## Task data
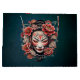 A combinação da austeridade da máscara com a beleza das flores dá ao design uma aura harmoniosa e simboliza a conexão entre homem e natureza na estética japonesa.
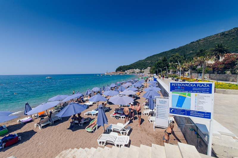 Na samo 80 m od Vila Oliva nalazi se čuvena pjeskovita petrovačka plaža dugačka 600 m. Dio plaže, kapaciteta 150 ležaljki, je rezervisan za goste hotela po specijalnim tarifama.
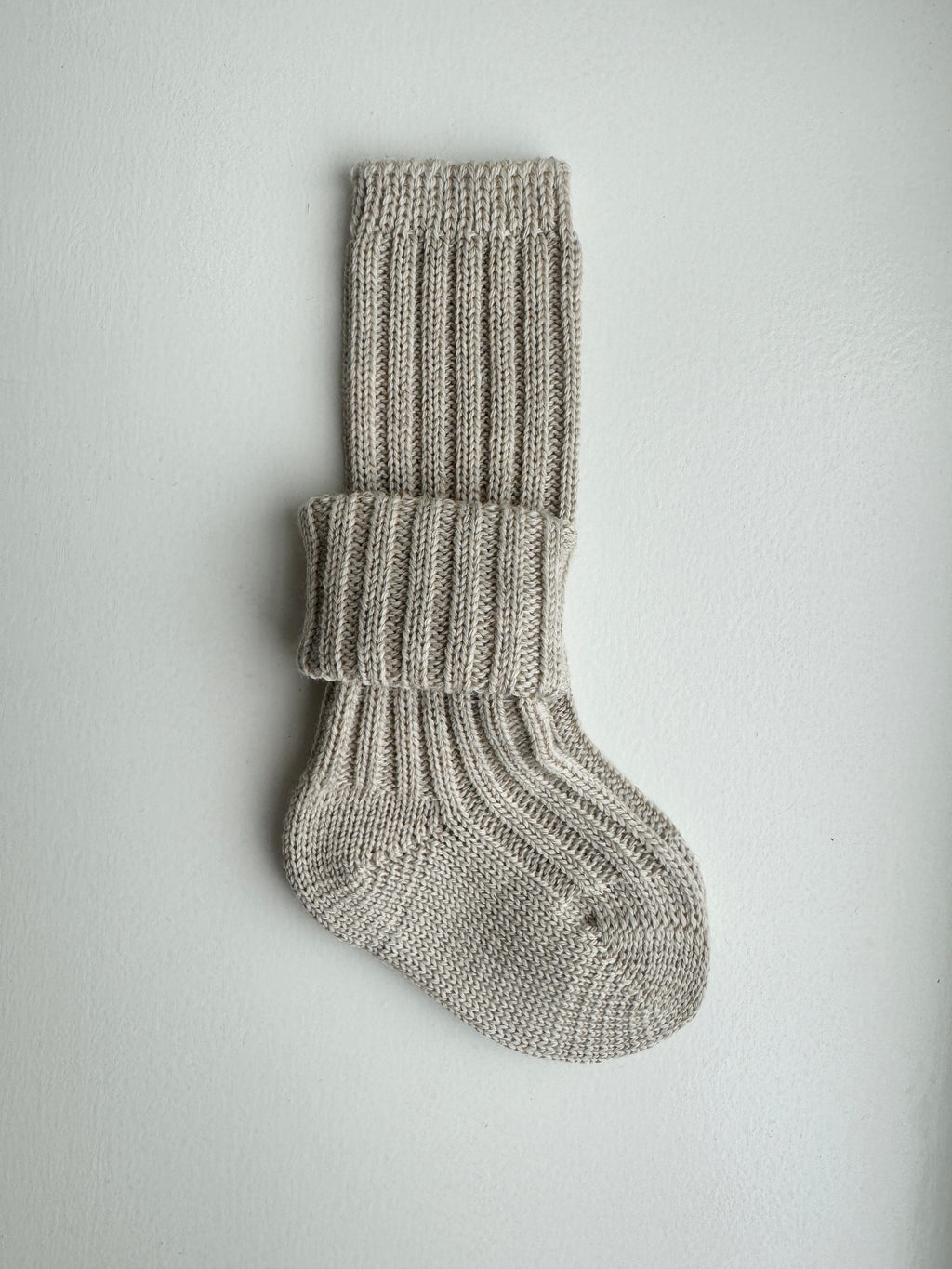 Favorit uldsokken - pga. ribben bliver den holdt fast på barnets fod og holder derved baby/barn dejlig varm om både ben og fod. Bruges fra nyfødt udover en bomuldstrømpe i stedet for hjemmesko.
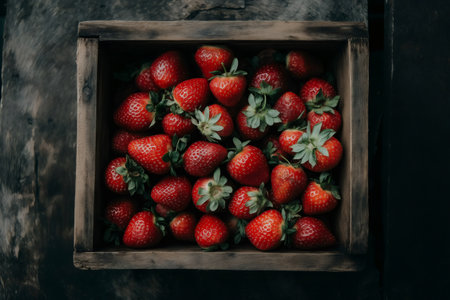 Ripe red strawberries with green leaves arranged in an old wooden box, creating a vibrant contrast against a dark, rustic backdrop
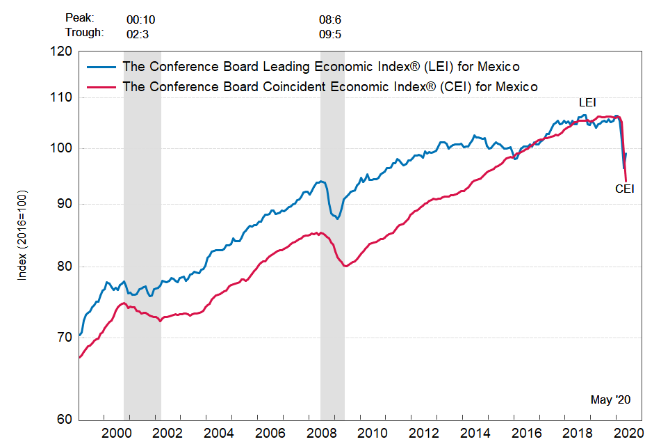 Результаты исследований, опубликованные Conference Board, показали: по итогам мая ведущий экономический индекс (LEI) для Мексики вырос на 2,9 процента, и составил 99,1 пункта (2016=100). Напомним, индекс зафиксировал снижение на 5,2 процента в апреле и падение на 3,5 процента в марте. В течение шести месяцев (с ноября 2019 по май 2020 года) показатель упал на 6,0 процента после снижения на 8,4 процента за предыдущий шестимесячный период (с октября 2019 года по апрель 2020 года).
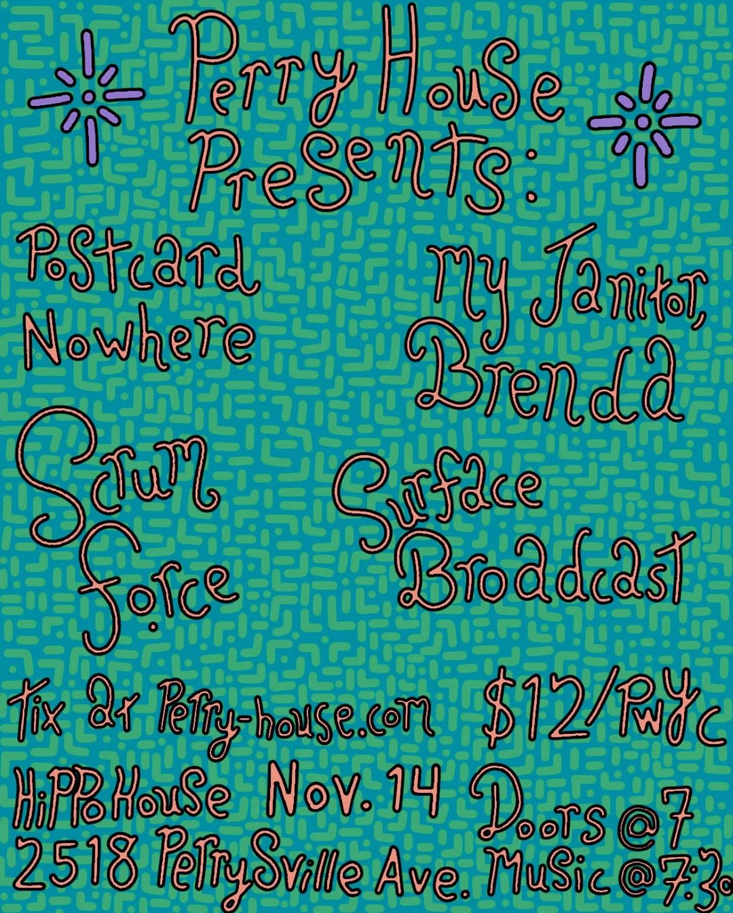 7:30 PMPostcard Nowhere, My Janitor, Brenda, Scum Force, Surface Broadcast
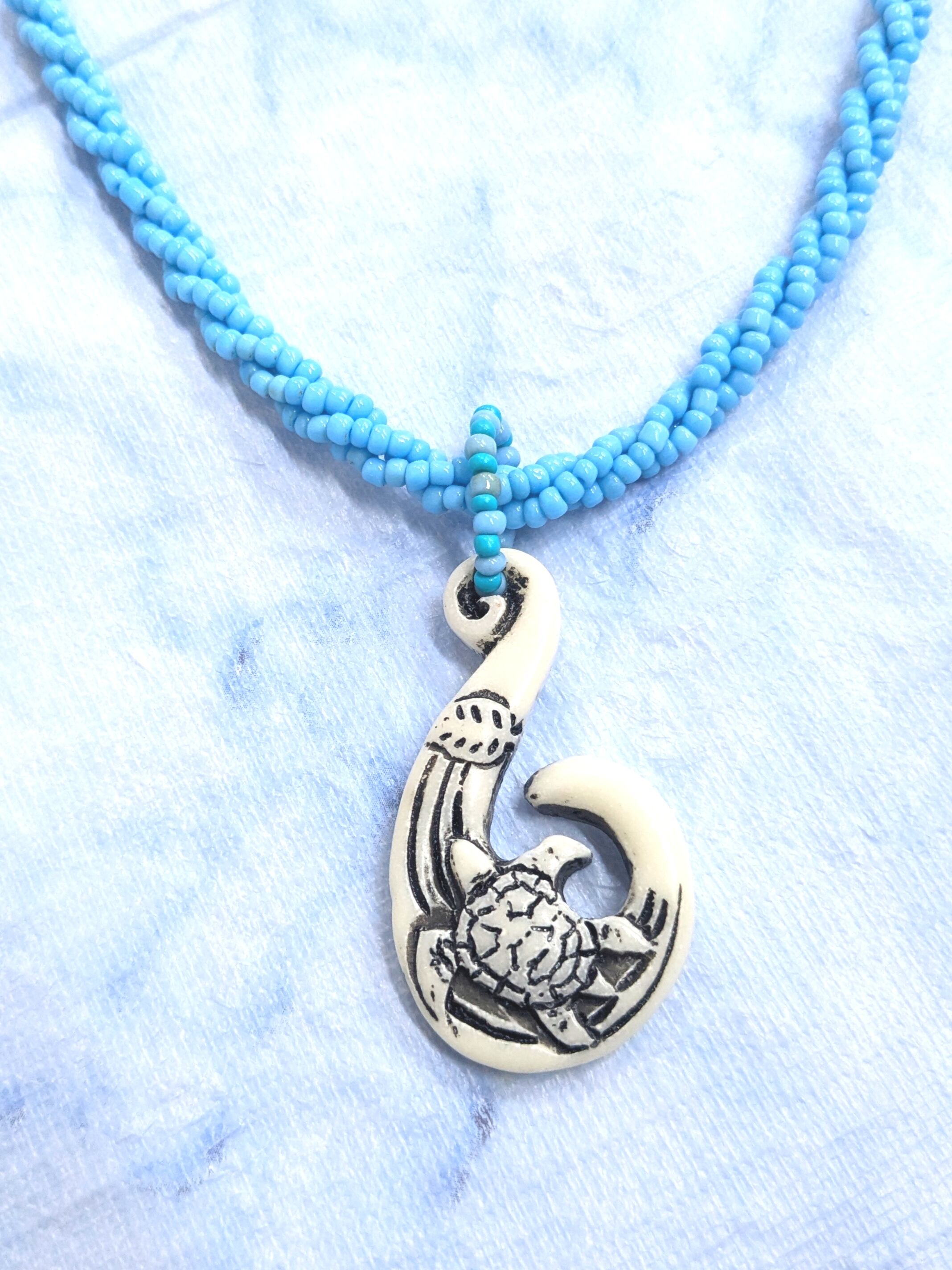 ハワイアンネックレス ホワイトカラー ボーン フィッシュフック&ホヌ F-129

## What to do
Reproduce, word for word, the lines from the one containing "Ripe red strawberries" through the final line above. Leave every picture out.

## Task response
 Ripe red strawberries with green leaves arranged in an old wooden box, creating a vibrant contrast against a dark, rustic backdrop
 Результаты исследований, опубликованные Conference Board, показали: по итогам мая ведущий экономический индекс (LEI) для Мексики вырос на 2,9 процента, и составил 99,1 пункта (2016=100). Напомним, индекс зафиксировал снижение на 5,2 процента в апреле и падение на 3,5 процента в марте. В течение шести месяцев (с ноября 2019 по май 2020 года) показатель упал на 6,0 процента после снижения на 8,4 процента за предыдущий шестимесячный период (с октября 2019 года по апрель 2020 года).
 7:30 PMPostcard Nowhere, My Janitor, Brenda, Scum Force, Surface Broadcast
 ハワイアンネックレス ホワイトカラー ボーン フィッシュフック&ホヌ F-129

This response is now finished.